**What you will do:**
Repeat the data that follows exactly, starting at the line with "繭玉かと思ってましたが、音楽" and ending at the line with "戶外摺疊椅可攜式摺疊月亮椅躺椅露營椅子裝備小凳子馬扎摺疊凳釣魚", and leave out every picture.

Collected data entries

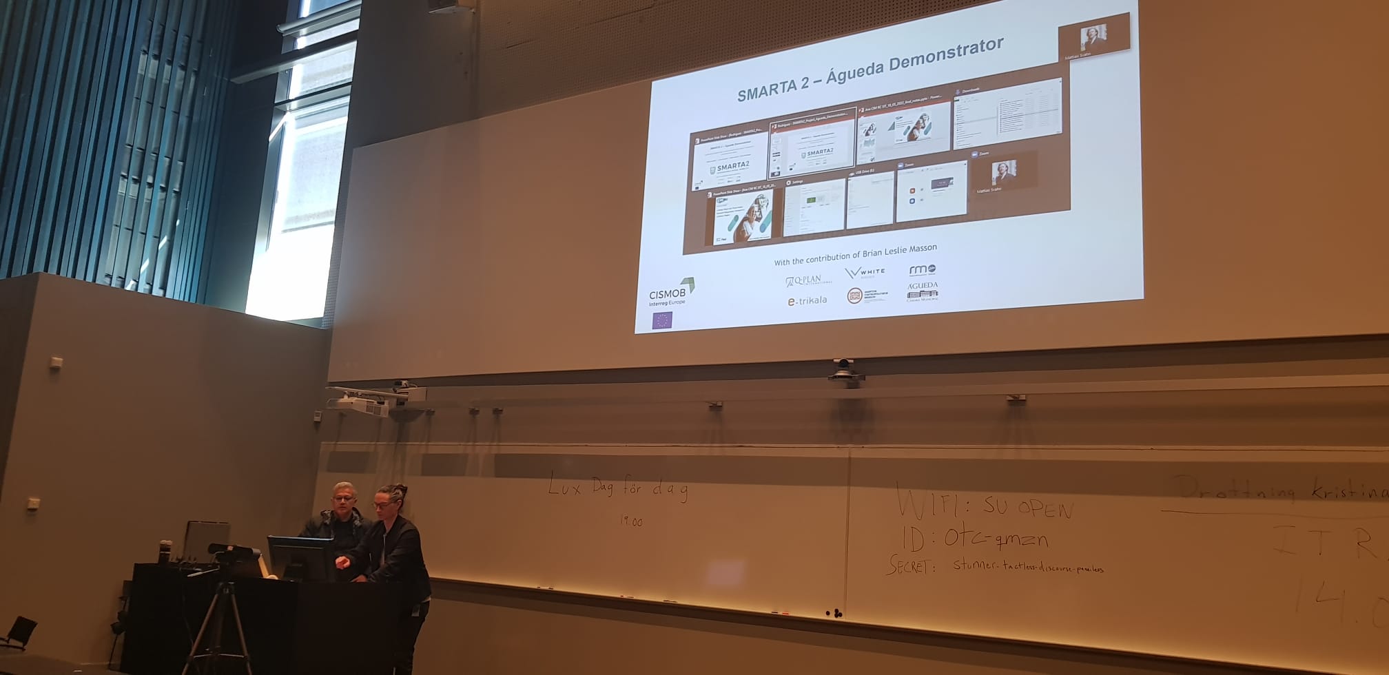 Edson Santos, Vice-Presidente da Câmara Municipal, e Carlos Rodrigues, da Divisão de Modernização Administrativa, Financiamentos e Parcerias, apresentaram o trabalho realizado em Águeda no âmbito do SMARTA2, um projeto que se traduziu na aplicação de medidas de mobilidade partilhada sustentável, interligada ao transporte público em zonas rurais. Em concreto, foi demonstrado o alargamento das beÁgueda – Bicicletas Elétricas de Águeda às freguesias que são servidas pela Linha do Vouga.
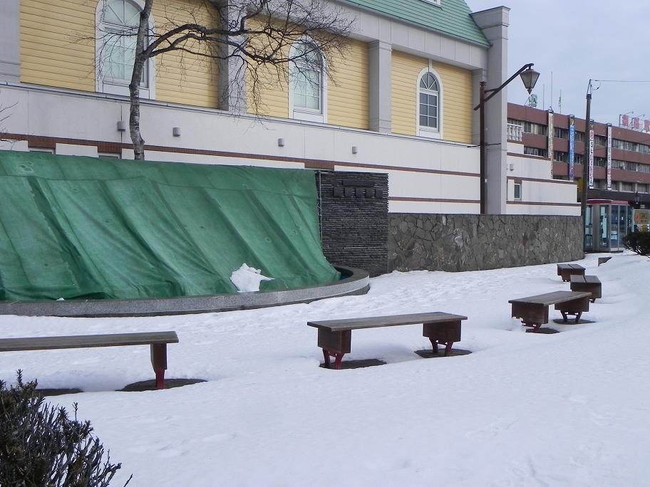 繭玉かと思ってましたが、音楽のヘ音記号をモチーフにしたオブジェだそうで、左右の大きな柱から宙吊りにしているワイヤーも五線譜を表しているそうです。
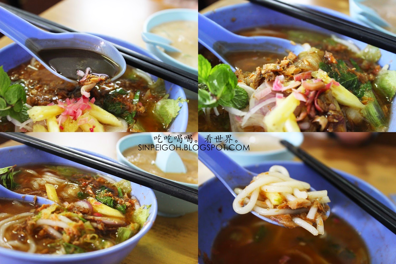 檳城的叻沙是我們南馬的Asam Laksa,味道是帶酸的。蝦膏放在湯匙裡,隨你自行添加,我大多都是直接放下攪拌就是了(要入鄉隨俗嘛,呵呵)!我是個超愛吃叻沙的人,酸辣絕對是我的最愛。這一檔華人叻沙從配料、魚肉、叻沙粉到湯頭我都很滿意,真的很不錯哦。
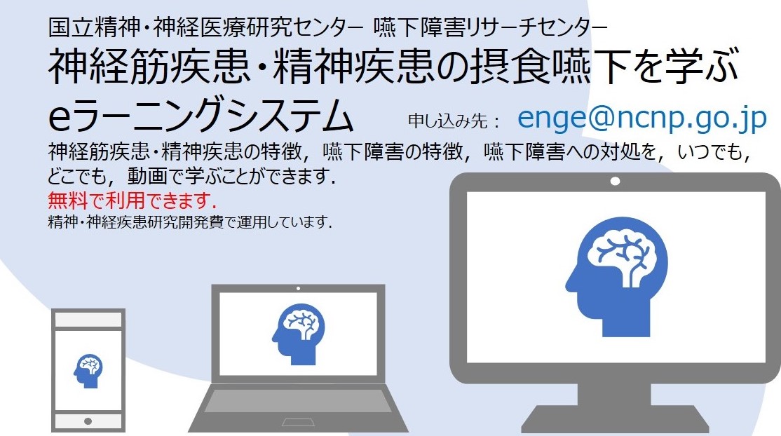 当研究会代表世話人である山本敏之がセンター長を務めます国立精神・神経医療研究センター 嚥下障害リサーチセンターが,神経筋疾患・精神疾患の特徴,嚥下障害の特徴,嚥下障害への対処を学ぶことが出来る,eラーニングシステムを運用開始致しました.医療従事者であればどなたでも無料でご利用いただけます.但し利用にはユーザー登録が必要なため,以下をご覧のうえ,お申し込みください.
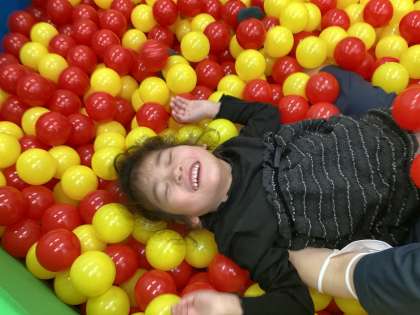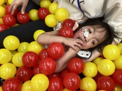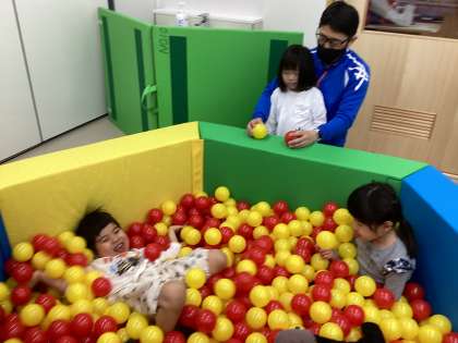 小学部では、プレイルームでボールプールで遊びました。子ども達は笑顔いっぱいで、ボールに触れていました。
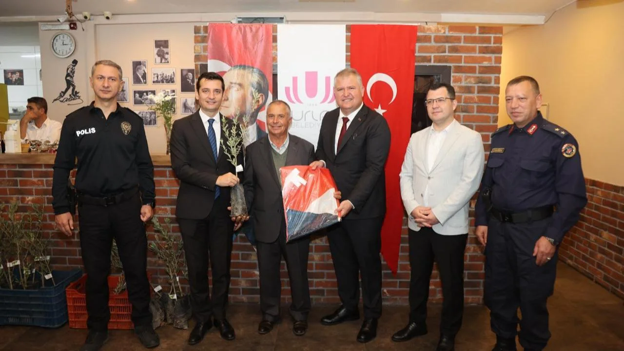 Urla Belediye Başkanı Selçuk Balkan, düzenlenen kahvaltı etkinliğinin ardından muhtarlara Türk Bayrağı ve Zeytin Fidanı hediye etti.
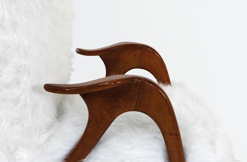 Coppia di poltrone e poggiapiedi con struttura in legno e rivestimento in tessuto.
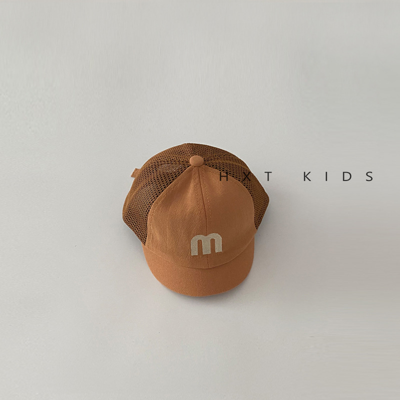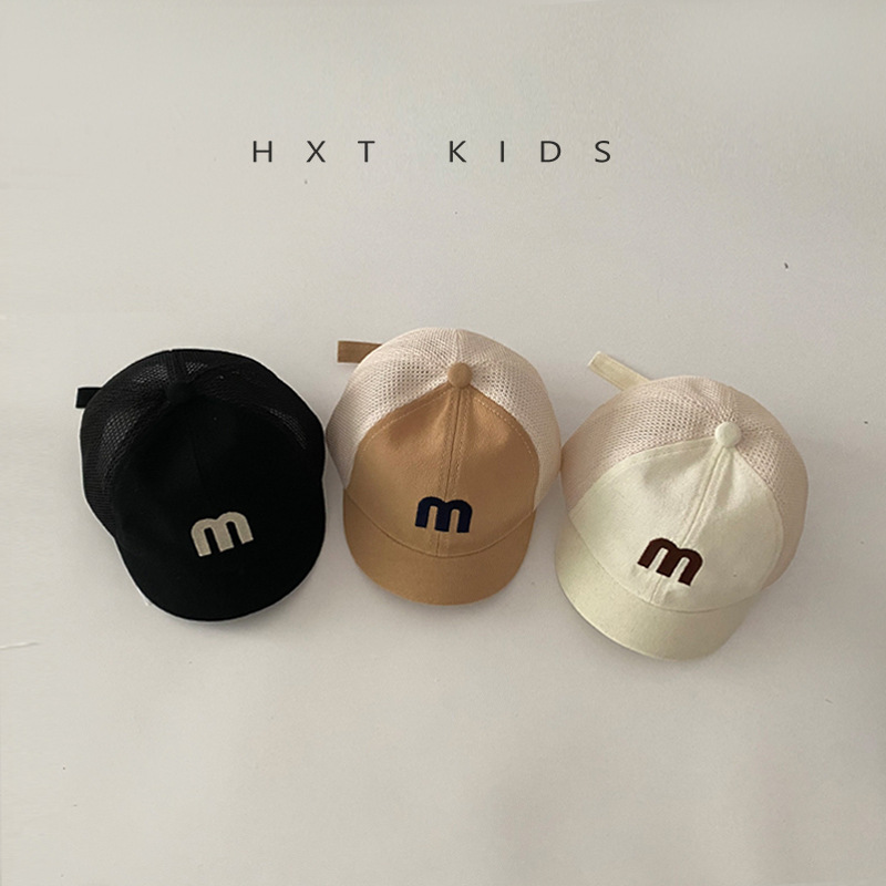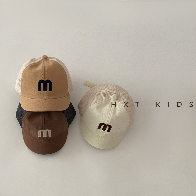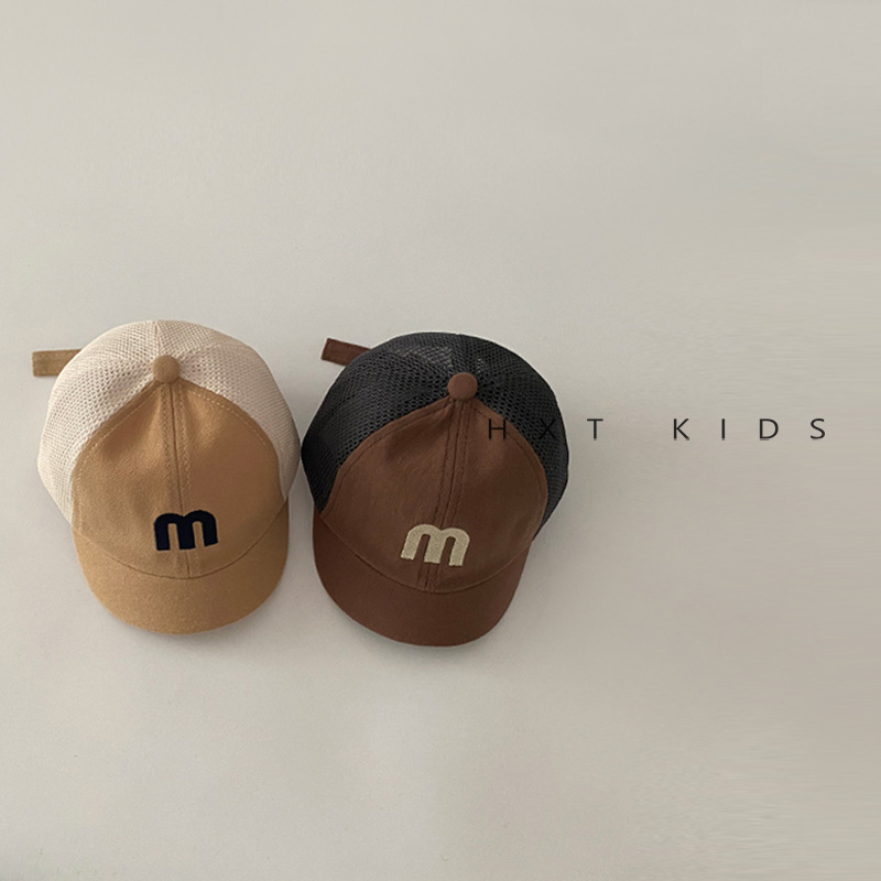 婴儿鸭舌帽夏季半网面透气字母刺绣软檐遮阳帽子婴幼儿宝宝棒球帽
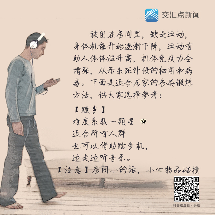 新型冠状病毒感染的肺炎疫情要求我们不得不“大门不出,二门不迈”,很多人开始在隔离的彷徨中安心做个“躺着就能为国家做贡献的肥宅”,可隔离的期限尚无决断,“宅”久了容易产生后遗症,如何顺利度过隔离期,今天聊的“画”题是:科学锻炼。
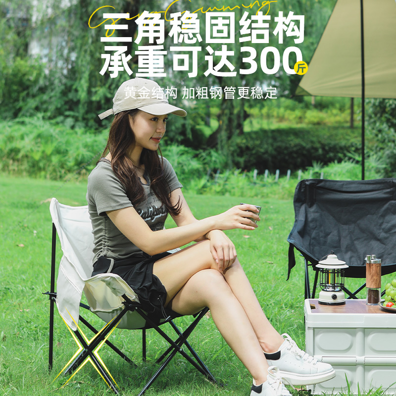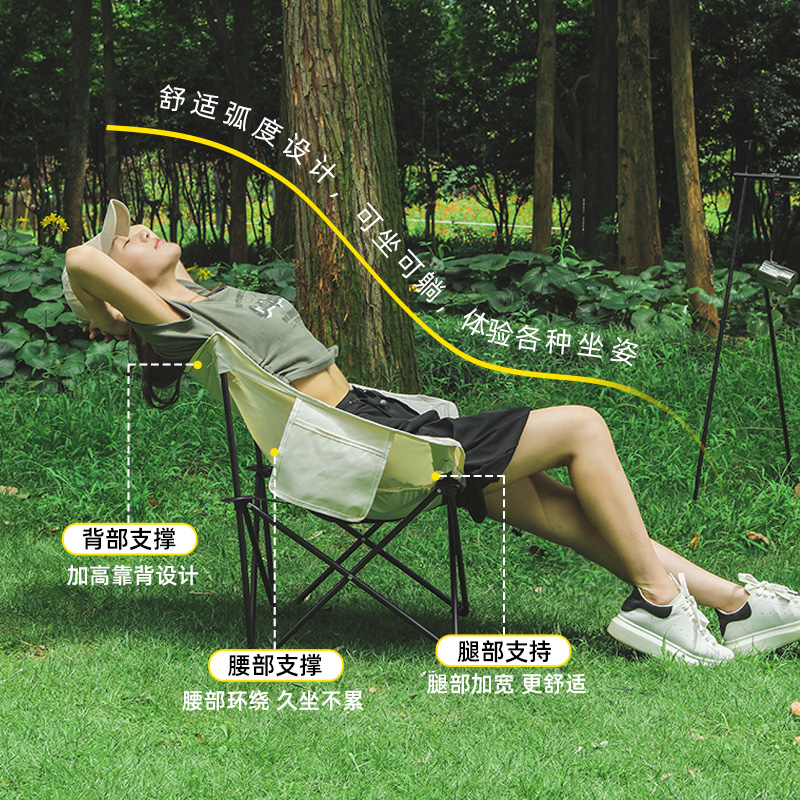 戶外摺疊椅可攜式摺疊月亮椅躺椅露營椅子裝備小凳子馬扎摺疊凳釣魚
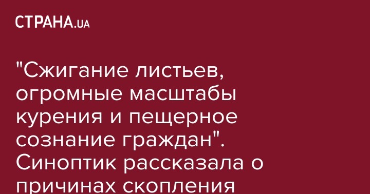 "Сжигание листьев, огромные масштабы курения и пещерное сознание граждан". Синоптик рассказала о причинах скопления угарного газа в воздухе над Украиной
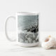 This mug features a beautiful monochromatic photo of a rocky Atlantic Ocean shore with customisable message on back.
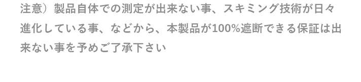 高いシールド効果を確認できました。より効果を上げる為、スキミング防止シートで包み込む様な形状で専用ポケットをつくっております

**Output for this task:**
 繭玉かと思ってましたが、音楽のヘ音記号をモチーフにしたオブジェだそうで、左右の大きな柱から宙吊りにしているワイヤーも五線譜を表しているそうです。
 檳城的叻沙是我們南馬的Asam Laksa,味道是帶酸的。蝦膏放在湯匙裡,隨你自行添加,我大多都是直接放下攪拌就是了(要入鄉隨俗嘛,呵呵)!我是個超愛吃叻沙的人,酸辣絕對是我的最愛。這一檔華人叻沙從配料、魚肉、叻沙粉到湯頭我都很滿意,真的很不錯哦。
 当研究会代表世話人である山本敏之がセンター長を務めます国立精神・神経医療研究センター 嚥下障害リサーチセンターが,神経筋疾患・精神疾患の特徴,嚥下障害の特徴,嚥下障害への対処を学ぶことが出来る,eラーニングシステムを運用開始致しました.医療従事者であればどなたでも無料でご利用いただけます.但し利用にはユーザー登録が必要なため,以下をご覧のうえ,お申し込みください.
 小学部では、プレイルームでボールプールで遊びました。子ども達は笑顔いっぱいで、ボールに触れていました。
 Urla Belediye Başkanı Selçuk Balkan, düzenlenen kahvaltı etkinliğinin ardından muhtarlara Türk Bayrağı ve Zeytin Fidanı hediye etti.
 Coppia di poltrone e poggiapiedi con struttura in legno e rivestimento in tessuto.
 婴儿鸭舌帽夏季半网面透气字母刺绣软檐遮阳帽子婴幼儿宝宝棒球帽
 新型冠状病毒感染的肺炎疫情要求我们不得不“大门不出,二门不迈”,很多人开始在隔离的彷徨中安心做个“躺着就能为国家做贡献的肥宅”,可隔离的期限尚无决断,“宅”久了容易产生后遗症,如何顺利度过隔离期,今天聊的“画”题是:科学锻炼。
 戶外摺疊椅可攜式摺疊月亮椅躺椅露營椅子裝備小凳子馬扎摺疊凳釣魚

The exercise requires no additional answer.